The California State Automobile Association has been looking into the actual value of good roads. It got a university professor and the State highway engineer to measure the pull required to move, on different kinds of roads, a standard farm wagon with a load of 6,000 pounds. Sometimes horses did the pulling, sometimes an automobile truck.

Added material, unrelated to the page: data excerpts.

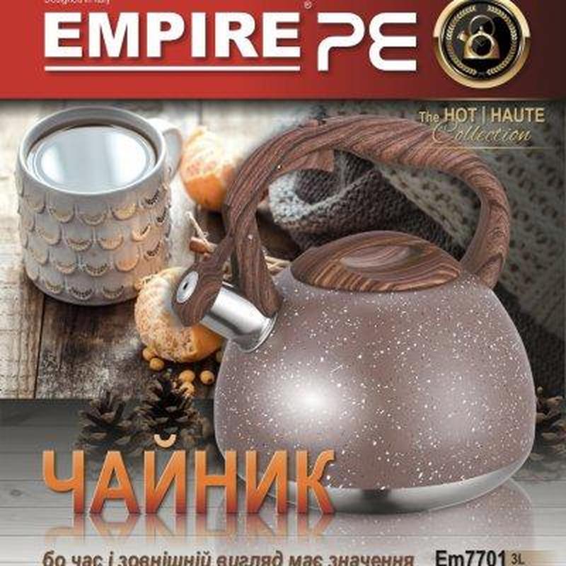 Характеристики: Бренд: EMPIRE Матеріал: Харчова неіржавка сталь Об'єм: 3 л Тип дна: Тришарове лите Колір: Коричневий граніт Діаметр верхньої частини: 9.5 см Діаметр дна: 16 см Висота з ручкою: 23 см Ширина з носиком: 23 см Кришка : Ебороніт дерево Ручка : Ебоніт нерухома дерево Свисток : Да Тип: плита Зберігання в холодильнику: Так Посудомийна машина: Так Паковання: фірмова коробка Країна виробник: К.Н.Р.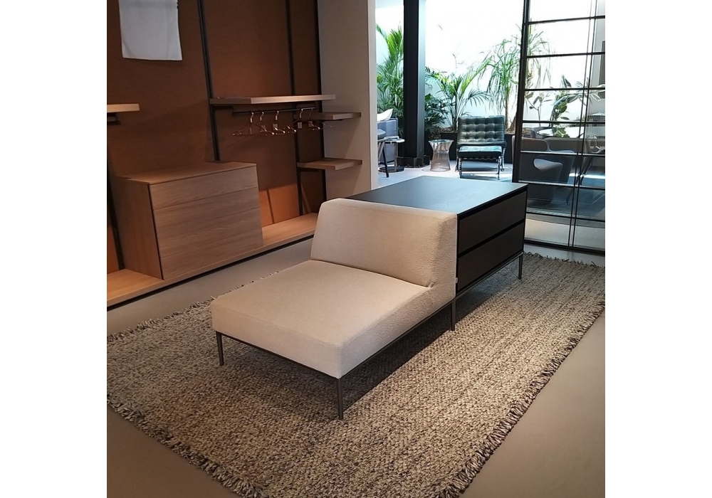Combi Cabinet Edition von Piero Lissoni für DePadova entworfen ist ein Aufbewahrungsmöbel mit Sitz. Die Füße und Querstreben sind aus flüssiglackiertem Aluminium in Messing oder brüniertem Messing mit verstellbarer Fußstütze. Die Struktur der Behälter besteht aus MDF, furniert in geräucherter Eiche, mit transparentem Lack auf Wasser- oder Lösungsmittelbasis. Die Oberseite des Aufbewahrungsmöbels besteht aus reflektierendem Glas, das in Kaffee oder Marmor hinterlackiert ist. Der Sitz ist mit Polyurethanschaum unterschiedlicher Dichte und Polyesterwatte gepolstert, die mit Polyestersamt gefüttert ist. Die Polsterung besteht aus abnehmbarem Stoff oder festem Leder. Combi Cabinet Edition ist in verschiedenen Ausführungen und Polsterungen erhältlich.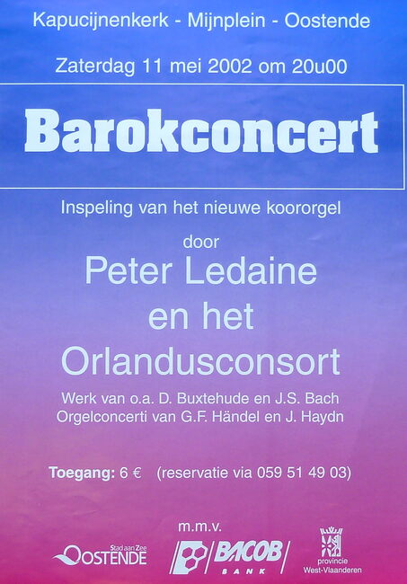 Orlandusensemble o.l.v. Peter Ledaine ; Griet De Geyter (sopraan. - Deze concerten worden georganiseerd met de steun van Kerkfabriek st.-Petrus en Paulus Oostende, Stadsbestuur en de dienst cultuur van de stadOostende en…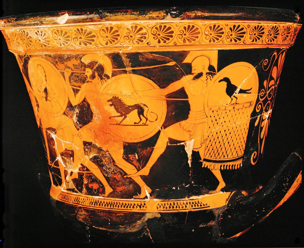 Des guerriers courant avec des boucliers et des lances ...(Running warriors with shields and spears …)Painter Eucharides |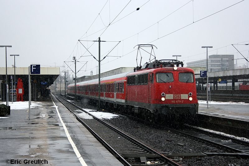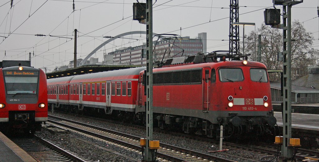 110 493 mit einem Pbz im Bahnhof Köln Messe/Deutz, leider spielte das Wetter nicht mit, dann stand die Lok genau vor den Signalen und als sie losfuhr fuhr auch der ET aus und versperrte so nochmal den Weg für ein gutes Bild. 27.12.09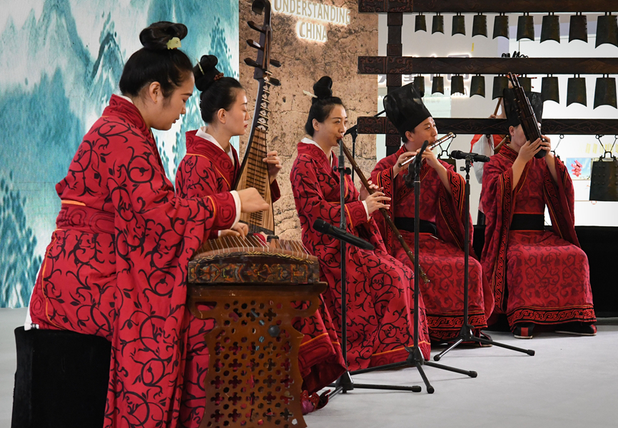 河南博物院华夏古乐团的演员在郑州国际会展中心演奏(2022年9月1日摄)。新华社记者 李安 摄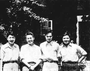 1947年,美国密西根州安阿堡市,朱光亚(左一)和张文裕(左二)、李政道(右一)。CFP供图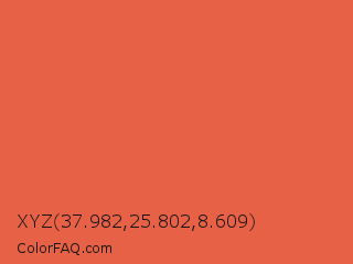 XYZ 37.982,25.802,8.609 Color is a normal red color and the nearest color is Jelly Bean #da614e. Hex code #e66145 and RGB value is rgb(230,97,69). In RGB color space, this color is composed of 90% red, 38% green, 27% blue, In CMYK color space, this color is composed of 0% cyan, 58% magenta, 70% yellow , 10% black , In HSL color space, this color has a hue angle of 10° , 76% saturation and 59% lightness.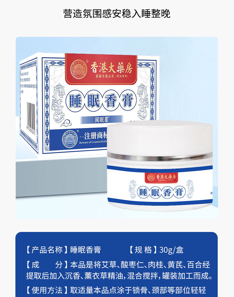 Гонконгский аптечный бальзам для сна, травяной крем для сна, крем для сна для наружного применения, для домашнего использования, крем для спокойного сна на ночь.
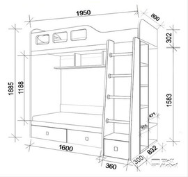 Верхнее спальное место 1950х800мм, нижнее спальное место 1600х800 мм.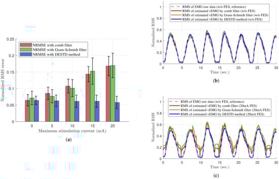Performance of removing the FES-induced signals of the comb filter, Gram–Schmidt filter, and DESTD method. (a) NRMSE values of the estimated vEMGs; (b) RMS values of the estimated vEMGs without FES; and (c) those with FES of  maximum stimulation current using the comb filter, Gram–Schmidt filter, and DESTD method.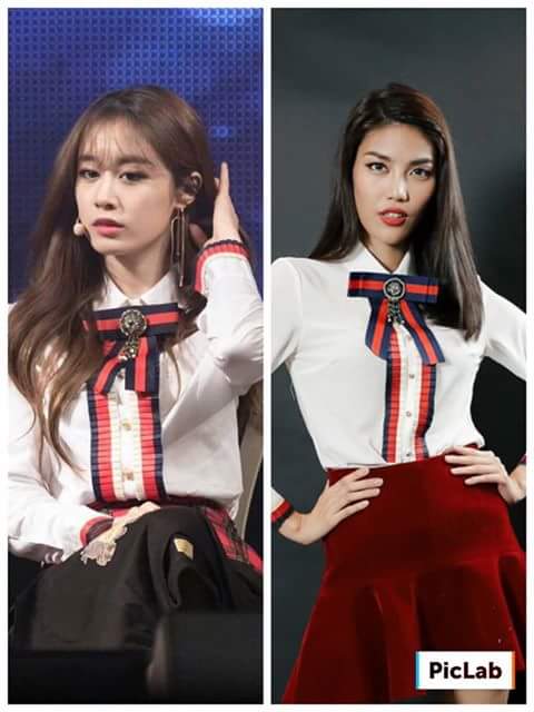 Lan Khuê và Jiyeon đụng hàng áo sơ mi bánh bèo có cài áo đồng bộ này nhưng khác biệt ở chỗ thành viên nhóm T-ara phối với chân váy caro và để tóc xoăn nhẹ, còn Hoa khôi áo dài lại để tóc thẳng và mặc váy nhung đỏ. Một bên trẻ trung, một bên quyền lực.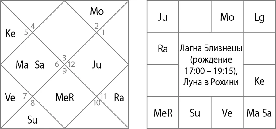 Лагна Близнецы (см. рис. 11). Здесь ретроградный хозяин 1-го дома в 7-м, влияние на 10-й дом Марса и Сатурна, при этом Марс – хозяин 6-го и 11-го дома, а Сатурн – хозяин 8-го и 9-го. Всю свою деятельность Федор посвящает Богу. Он говорит: «Я путешествую во славу Бога». Это не просто слова – для него это совершенно искренняя позиция. Это вообще очень искренний человек. Он не получает доходы от путешествий и путешествует не для того, чтобы зарабатывать деньги.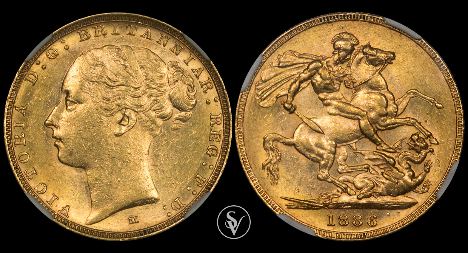 1886 Χρυσή λίρα Βικτώριας με τον Άγιο Γεώργιο που σκοτώνει τον δράκο πιστοποιημένη σε AU58 NGC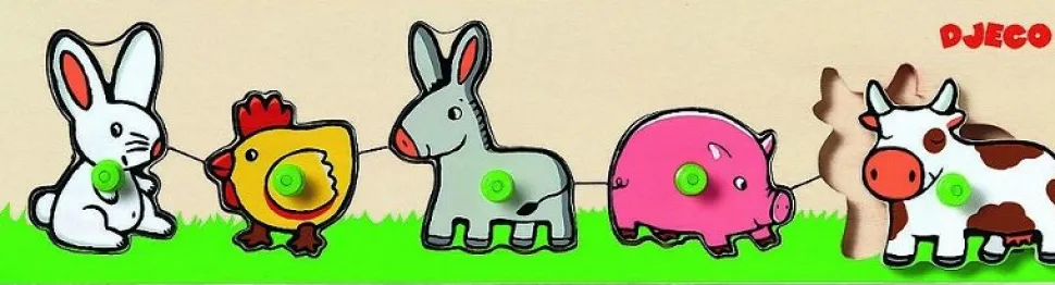 Repositionnez ces 5 animaux de la ferme au bon endroit et c’est gagné ! Dimensions : 29.8 x 7.8 x 1 cm.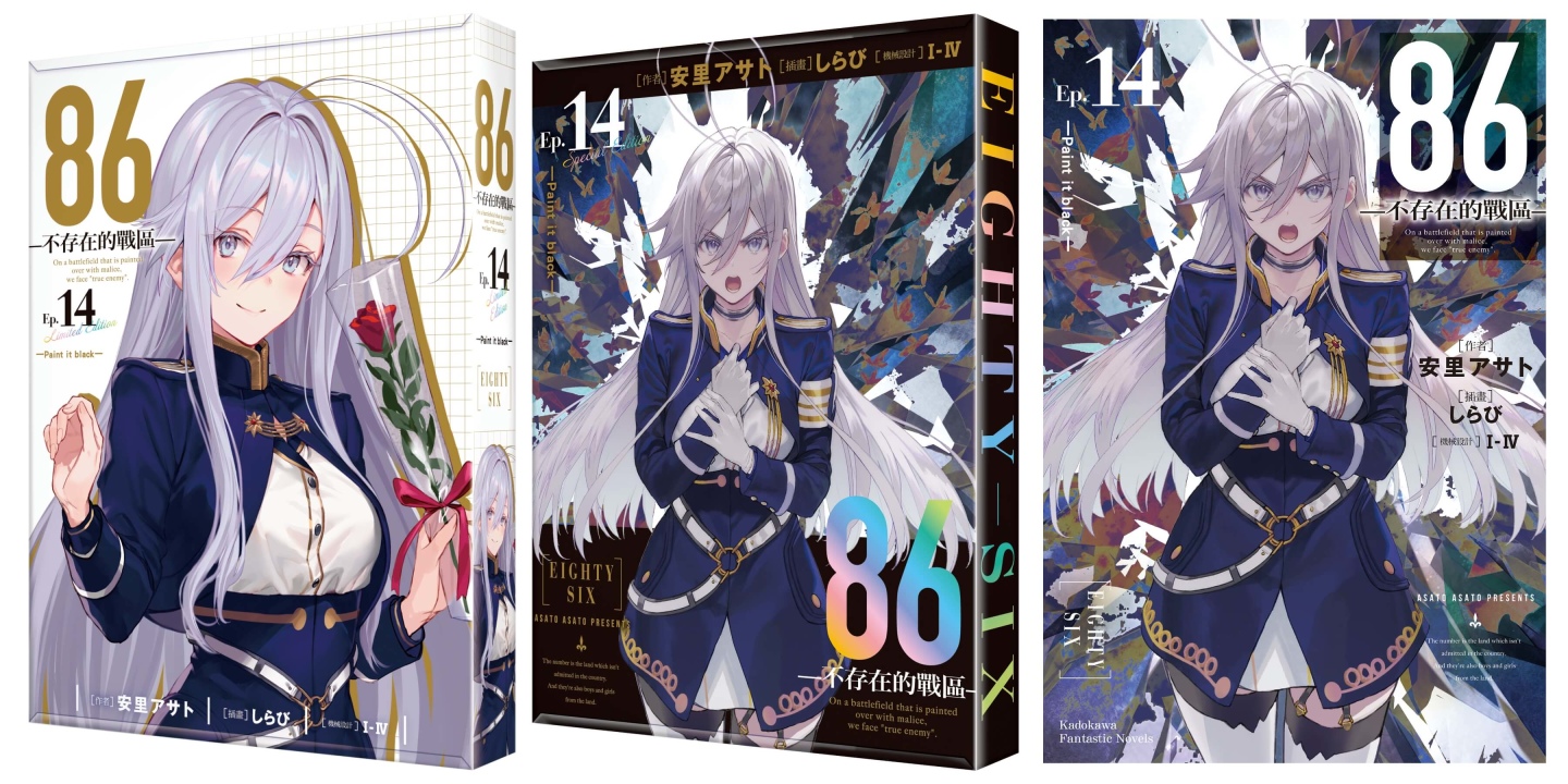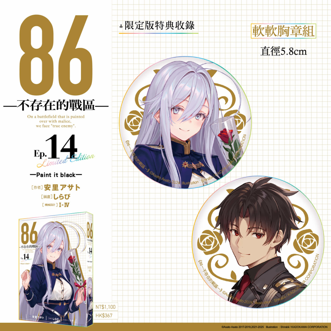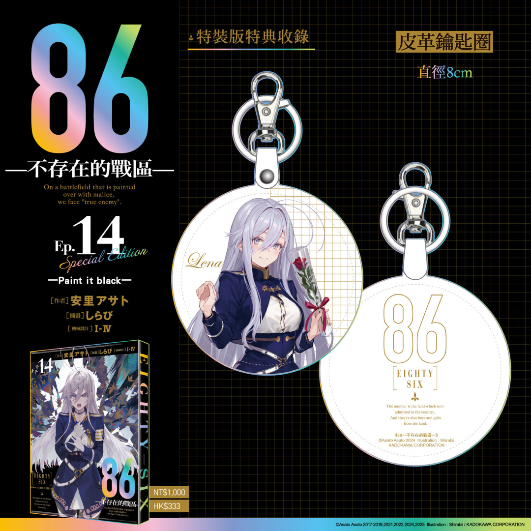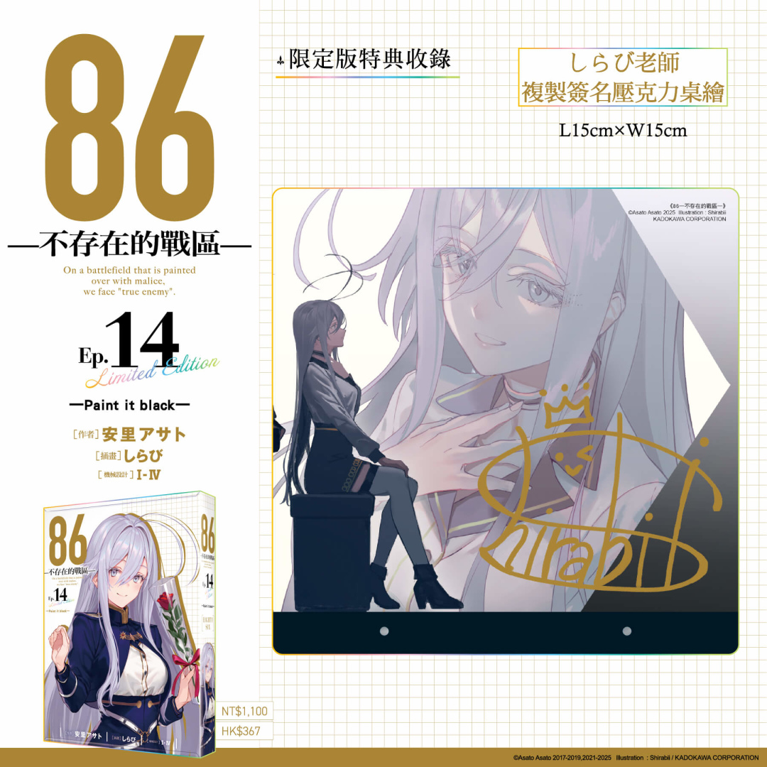 《86─不存在的戰區─(Ep.14)》特別規劃限定版與特裝版,打造豪華雙版本周邊:【特裝版】開放指定通路&台灣角川官網預購/販售,2026漫畫博覽會首賣登場──收錄「安里アサト老師複製簽名壓克力桌繪」、「典藏色紙」、「皮革鑰匙圈」;【限定版】將於2026漫畫博覽會獨家首賣,台灣角川官網限定發售──收錄「しらび老師複製簽名壓克力桌繪」、「炫彩壓克力色紙」、「軟軟胸章組 (2入) 」;雙版本皆收錄「本集小說 with 特別設計書衣」於黑白兩款絕讚設計的「特製珍藏書盒」中。

On un-surfaced concrete roads the needed pull was only from 27 to 30 pounds per ton of load; on surfaced concrete, 50 pounds; on macadam, 65 pounds; on good gravel roads, from 65 to 82 pounds; on earth roads with an inch and a half of loose dust, 92 pounds; on a muddy earth road, 218 pounds; and on loose gravel, 263 pounds. Thus the farmers who must do their hauling over the poorest type of roads have to use and pay for about ten times as much energy as the farmers who have access to roads of the best type. The same is true of all users of horses and carriages and of automobiles. The figures ought to convince all tax-payers that it pays to build and maintain good roads, in spite of their admittedly high cost.
Now a method is a road. "Method" comes from the Greek word which means road. A method is the highway over which our activity passes.
We are likely to think that any method is good enough, provided it "gets there," provided it reaches the desired terminus. But there are methods and methods, just as there are roads and roads; and it is far from immaterial to a worker whether he chooses a method that means an expenditure of 27 pounds of energy or an expenditure of no pounds.
There is a short way to do everything, and a long way; there is an easy way and a hard way; there is a way that brings permanent results, and a way that gives only temporary results; in everything there is a concrete method and a loose-gravel Method, and you can take your choice. If you choose the wrong method, do not complain of big expenses and a small account in the bank of life.